Assume that all the heat released during combustion is used to heat the water. Hence, the amount of energy gained by water will be equal to amount of energy released by the combustion of $C_6{H}_{14}$.

i.e., ${- q}_{C_6{H}_{14}}=q_{water}$

$c_p$ for liquid water is $4.18 J/\left(g{.}^{o}C\right)$, initial temperature of water =$25.0^{o}C$, final temperature of water =$85.0^{o}C$.

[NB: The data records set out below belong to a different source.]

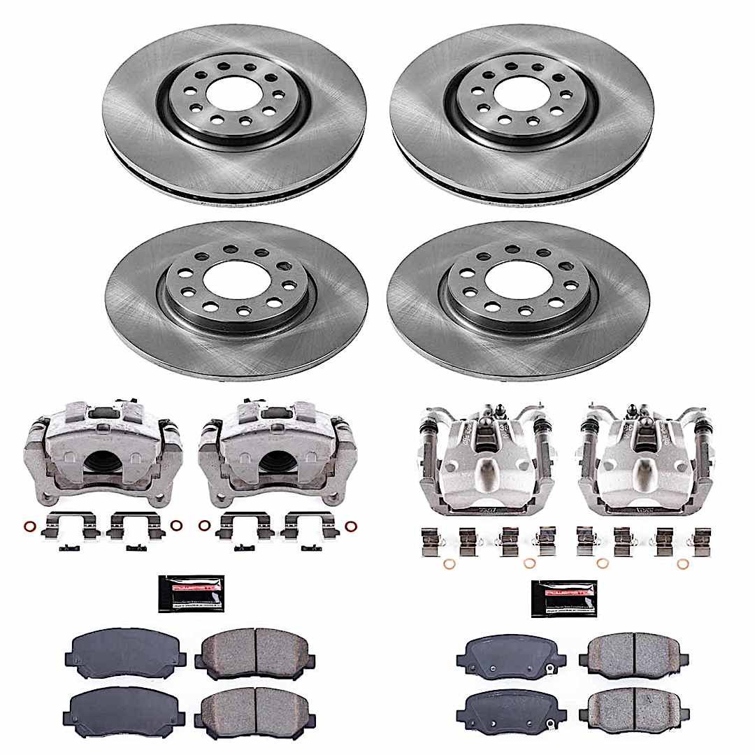 Powerstop KCOE6539 4-Wheel Set Front and Rear Brake Disc and Caliper Kit, Natural Caliper, Ceramic, 5 Lugs, Z17 OE Replacement, Models with 1 piston front calipers.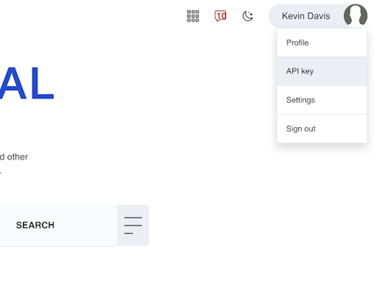 After you’ve created your account, click your username in the top right-hand corner of the page. Then, from the drop-down menu, select “My API key.”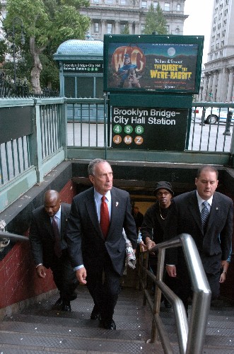 资料图片:2005年10月7日,在美国纽约,纽约市长布隆伯格(左二)乘坐地铁后走出市政厅地铁站。新华社发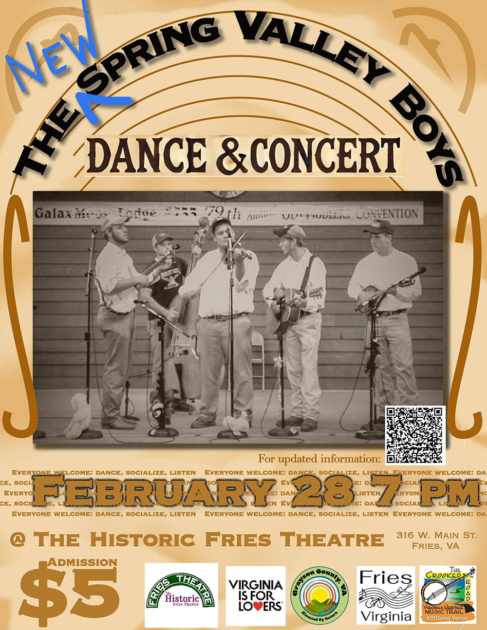 The Historic Fries Theatre 316 W. Main Street, Fries, VirginiaThe New Spring Valley Boys at The Historic Fries Theatre. Feb 28 - Dance and concert. 7 pm.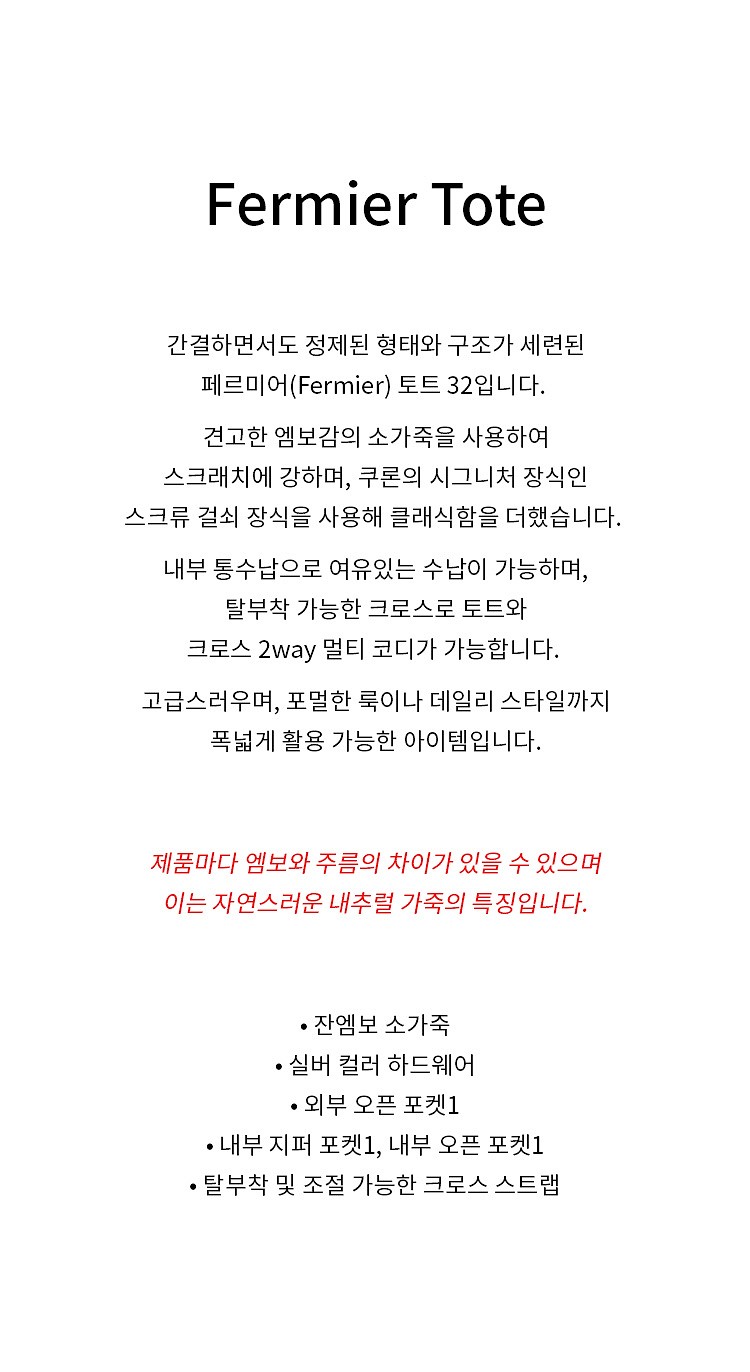 * 소재:천연가죽(소) / 폴리에스터 80% 면 20%(안감)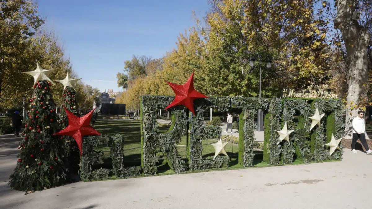 La propuesta se completa con otros elementos ornamentales repartidos en torno al rótulo principal. En los extremos se han colocado árboles de Navidad y estrellas tridimensionales que refuerzan la estética festiva del conjunto y enriquecen la composición visual del espacio. Todo ello convierte el paseo de México en un punto de encuentro especialmente atractivo durante las próximas semanas, tanto para quienes pasean a diario por El Retiro como para quienes se acercan al parque de forma puntual para disfrutar de la Navidad en Madrid.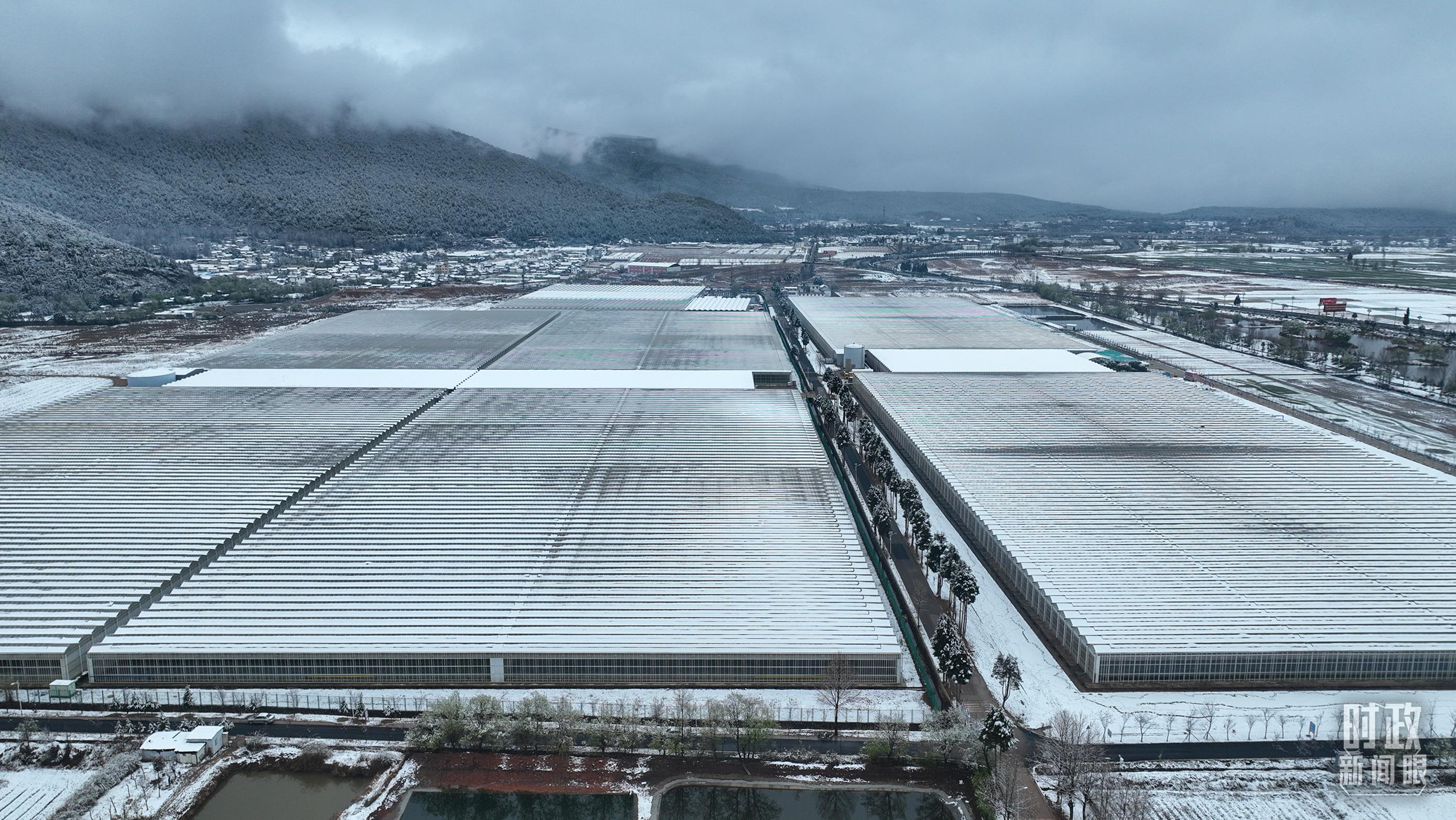 銀裝素裹的麗江現(xiàn)代花卉產(chǎn)業(yè)園。(總臺央視記者郭鴻拍攝)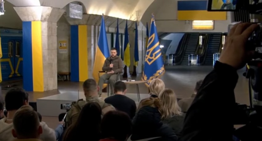 - Predsednik Zelenski je upravo završio konferenciju za štampu pred stotinama međunarodnih novinara. Zbog toga što je ratno vreme i zbog pretnji bombi odvijala se na platformi metro stanice Trg nezavisnosti koja se koristi kao sklonište - naveo je Leščenko.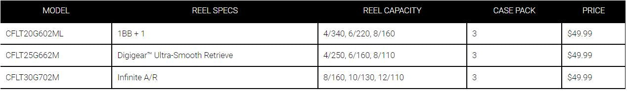 The all-graphite rod comes with cork handles where the ultra-smooth Crossfire LT is smooth with the 1+1 bearing design. Rod lengths are 6', 6' 6" and 7'.
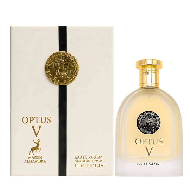Maison Alhambra Optus V EDP 100 ml es una fragancia unisex que combina raíz de lirio y ron en su apertura, un corazón de iris, jazmín y rosa, y un fondo de oud, notas amaderadas y civeta — ideal para quienes buscan un aroma sofisticado, profundo y versátil.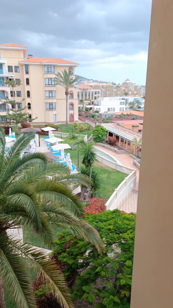 Blick von Haus 3 (3. Etage) auf einen Pool
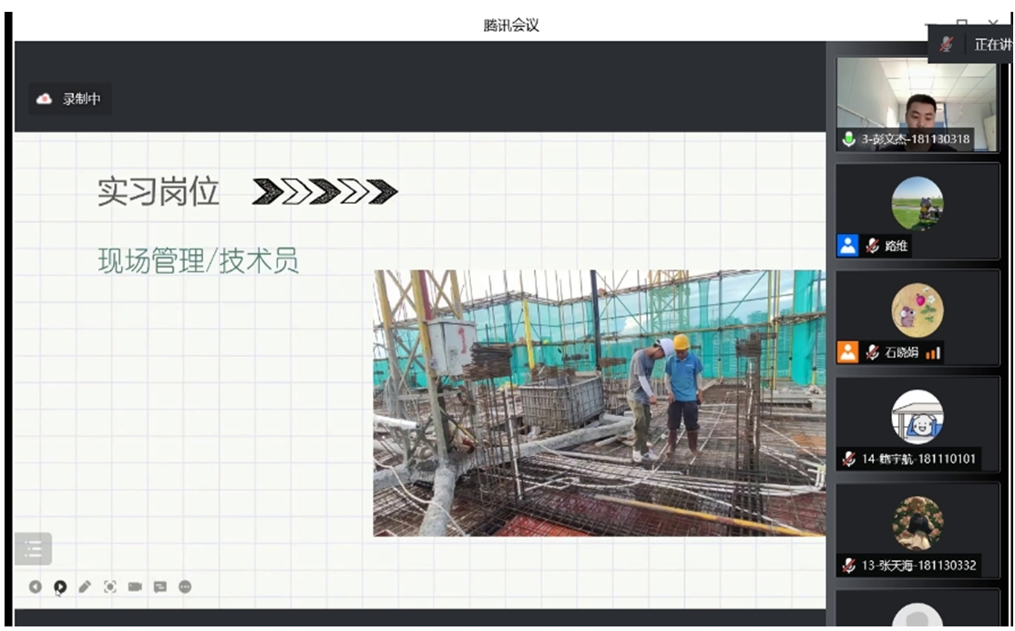 答辯前各組師生根據學院要求認真準備答辯材料,模擬答辯流程,調試錄屏設備及會議軟件,為答辯的順利進行做好充足準備。答辯過程中學生采用共享屏幕的方式,對實習過程中所從事的崗位、工作內容以及實習過程中遇到的困難進行了匯報,大部分同學前往企事業單位實習,并從事與土木相關的工作,如工程質量檢測、工程造價管理、工程監理等,在實習的過程中將大學所學專業知識與工程實踐有機的結合,對自己所學的內容有了深入的了解,并認識到自己的不足,在工作中仍需繼續不斷學習;還有部分同學在與專業相差較大的單位實習,如12345服務熱線,通過接聽市民各種反饋意見,亦感受到了生活的酸甜苦辣,這段不尋常的經歷也代表著邁入社會的第一步。此外,部分學生根據實習中所遇到的問題,對相關課程在教學時提出了一定的期許,為日后城市建設學院的課程建設提供了強有力的依據。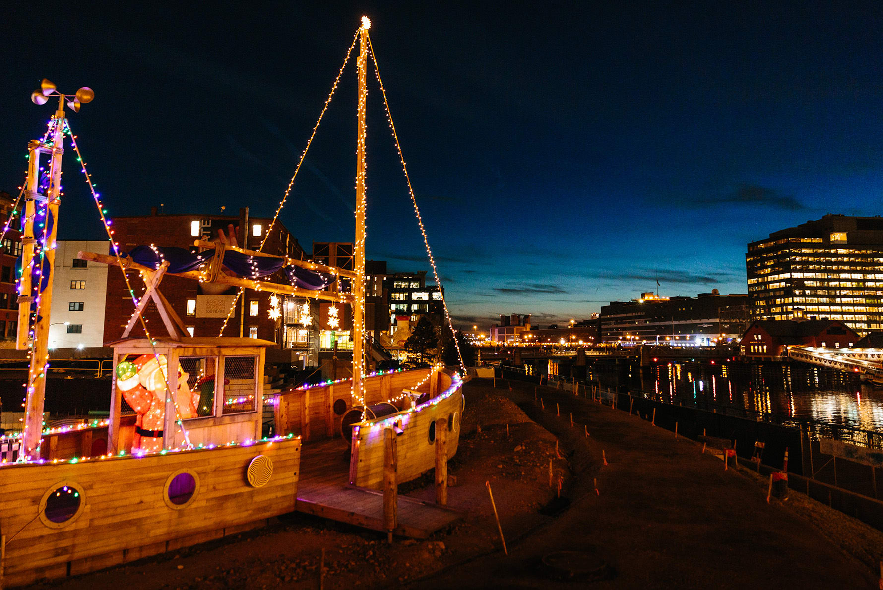 Iluminación anual navideña para barcos en Martin’s Park en Seaport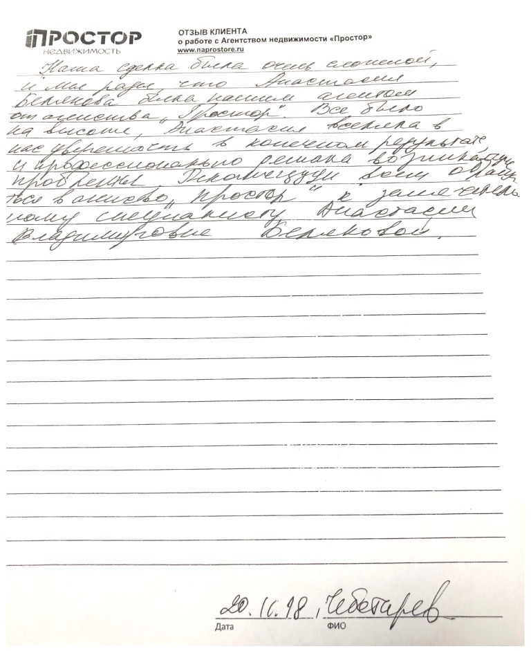 Наша сделка была очень сложной, и мы рады, что Анастасия Белякова была нашим агентом от агентства "Простор". Все было на высоте, Анастасия вселяла в нас уверенность в конечном результате и профессионально решала возникающие проблемы. Рекомендую всем обращаться в агентство "Простор" к замечательному специалисту Анастасии Владимировне Беляковой.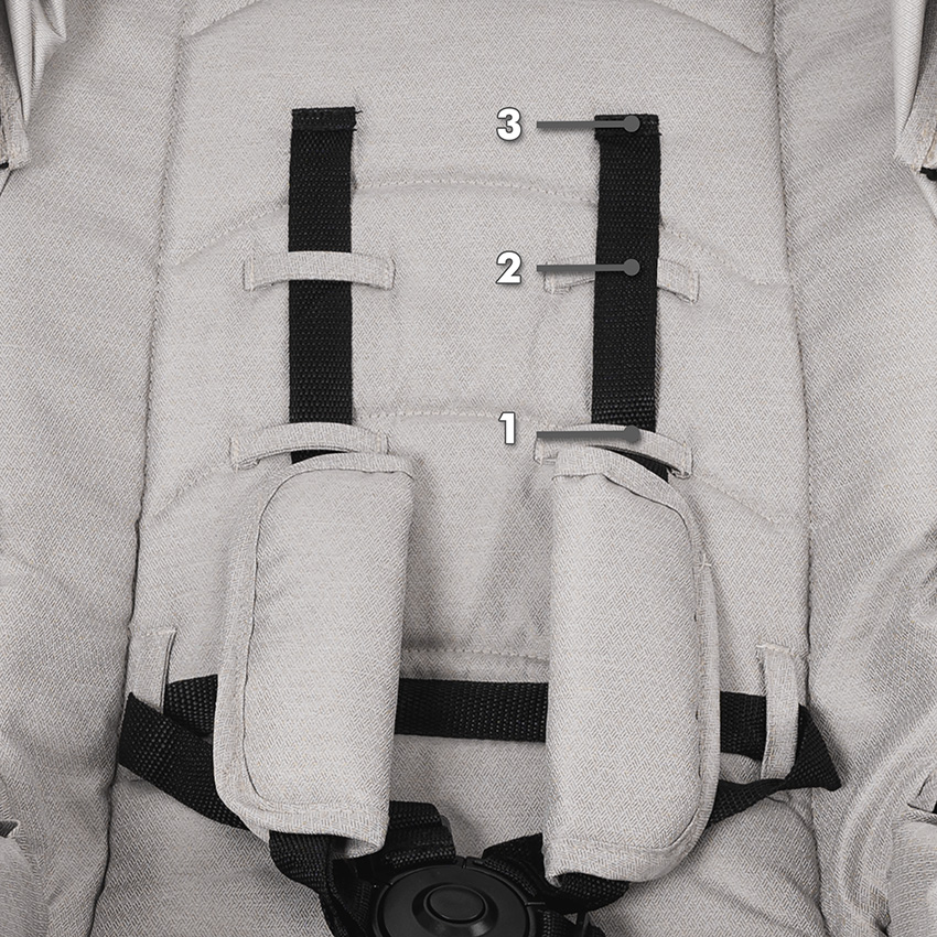 • Ζώνη ασφαλείας ύψους 3 σημείων ρυθμιζόμενη ως προς το ύψος και το βάρος του παιδιού που μεγαλώνει.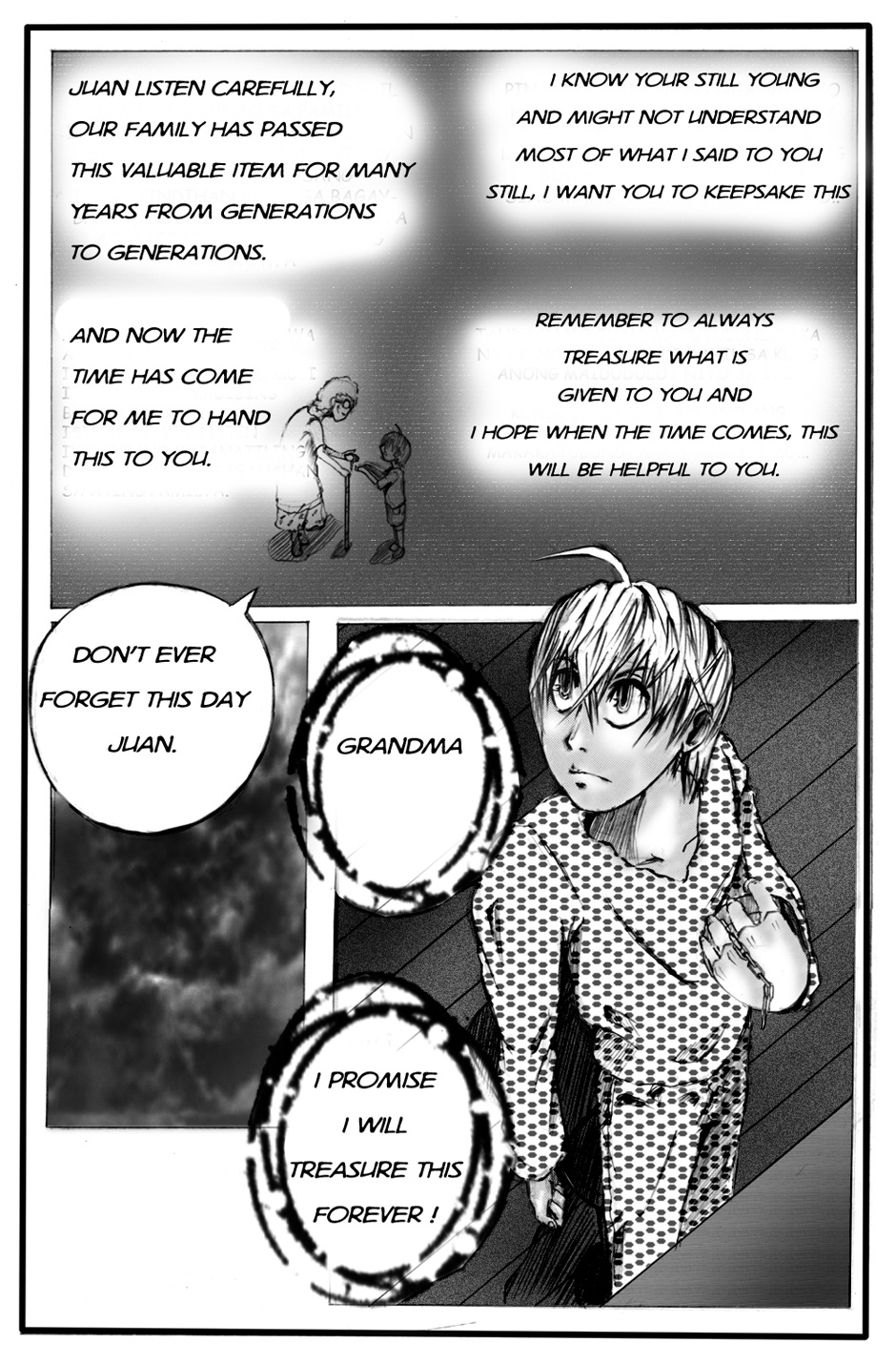 A one shot story of a young lazy boy who unknowingly possessed a strange antique item that is given to him by his grandmother will change his life forever.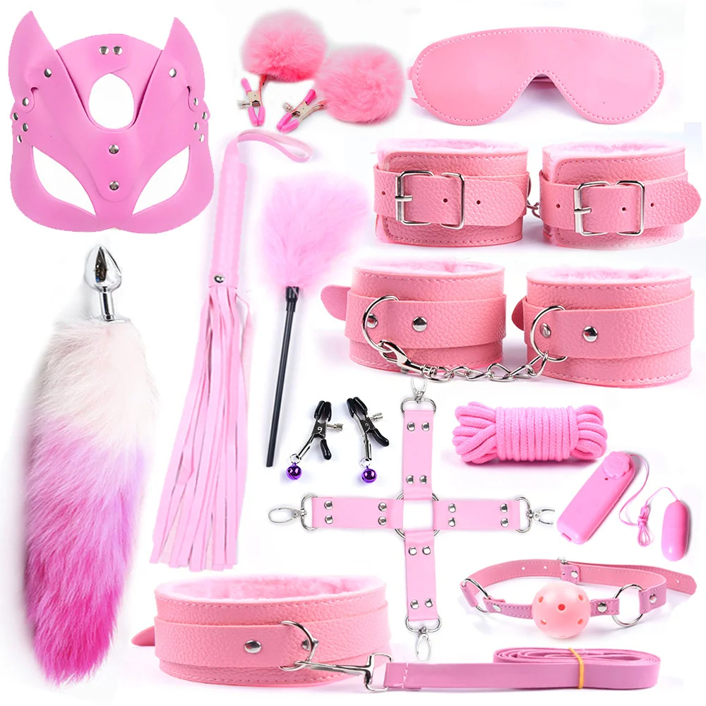 14 Acessórios BDSM Bondage Algemas Chicote Plug com Cauda Conjunto Sexy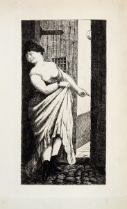 La Fille Elisa. Scène d'atelier en un acte par un auteur bien connu. Rome, Au temple de Vénus [Paris, vers 1880]. Plaquette in-8, bradel demi-percaline à coins, non rogné, couverture (Carayon). Édition originale de cette parodie érotique du roman d'Edmond de Goncourt, publiée clandestinement et tirée à très petit nombre sur papier vergé. Elle est ornée de deux belles eaux-fortes anonymes en frontispice. Vicaire, III, 712 – Gay, 307 – Dutel, 302.

Converting the mass of water from $kg to g$,

$1.00 kg \times \frac{1000 g}{1 kg}=1.00\times {10}^3 g$

Therefore, energy required to increase the temperature of $1.00 kg$ water from $25.0^{o}C$ to $85.0^o C$  is

$q_{water}=m_{water}\times c_p\times ∆T$

Plug in the given values:

$q_{water}=1.00\times {10}^3 g \times 4.18J/(g \times ℃)\times ( 85.0^o C-25.0^{o}C)$

$q_{water}=250800 J =250.8 kJ$

Therefore, ${- q}_{C_6{H}_{14}}=250.8 kJ,$ i.e., $C_6{H}_{14}$ must release $250.8 kJ$ of heat.

Here, we assume that all heat, which is required to heat water, is coming from the combustion of $C_6{H}_{12}$. From the given enthalpy of combustion for $C_6{H}_{12},$ we can find moles of $C_6{H}_{12}$ that must be used to release $250.8 kJ$ of heat as

$250.8 kJ\times \frac{1 mol }{4163 kJ}=0.060245 mol C_6{H}_{14}$

Converting moles to mass using molar mass as

$0.060245 mol C_6{H}_{14}\times \frac{86.1766 g}{1 mol}=5.19 g C_6{H}_{14}$

Therefore, $5.19 g C_6{H}_{14}$ must be burned to heat $1.00 kg$ of water from $25.0^{o}C$ to $85.0^{o}C$.

d) Calculating the amount of white gas needed to heat $1.00 kg$ of water from $25.0^{o}C$ to $85.0^{o}C$:

White gas = $25\% C_5{H}_{12} + 75\% C_6{H}_{14}$

Fuel value of $C_5{H}_{12}= 48.99 kJ/g$ (from Q. 9.109)

Fuel value of $C_6{H}_{14}=48.31 kJ/g$ (calculated above)

$Fuel value for 25\% C_5{H}_{12}=\frac{48.99 kJ}{g}\times \frac{25}{100}=12.2475 kJ/g$

$Fuel value for 75\% C_6{H}_{14}=\frac{48.31 kJ}{g}\times \frac{75}{100}=36.2325kJ/g$

$Total fuel value = 12.2475 kJ/g+36.2325 kJ/g=48.48 kJ/g$

Thus, the total fuel value of white gas is $48.48 kJ/g$.

The energy required to increase the temperature of $1.00 kg$ water from $25.0^{o}C$ to $85.0^o C$  is

$250.8 kJ$.

So, the mass of white gas required to released $250.8 kJ$ energy is

$250.8 kJ\times \frac{1 g}{48.48 kJ}=5.17 g of white gas$

Therefore, $5.17 g$ of white gas is needed to heat $1.00 kg$ of water from $25.0^{o}C$ to $85.0^{o}C$.

Conclusion:

Fuel value for the mixture of hydrocarbons is calculated using the proportion in which they are mixed.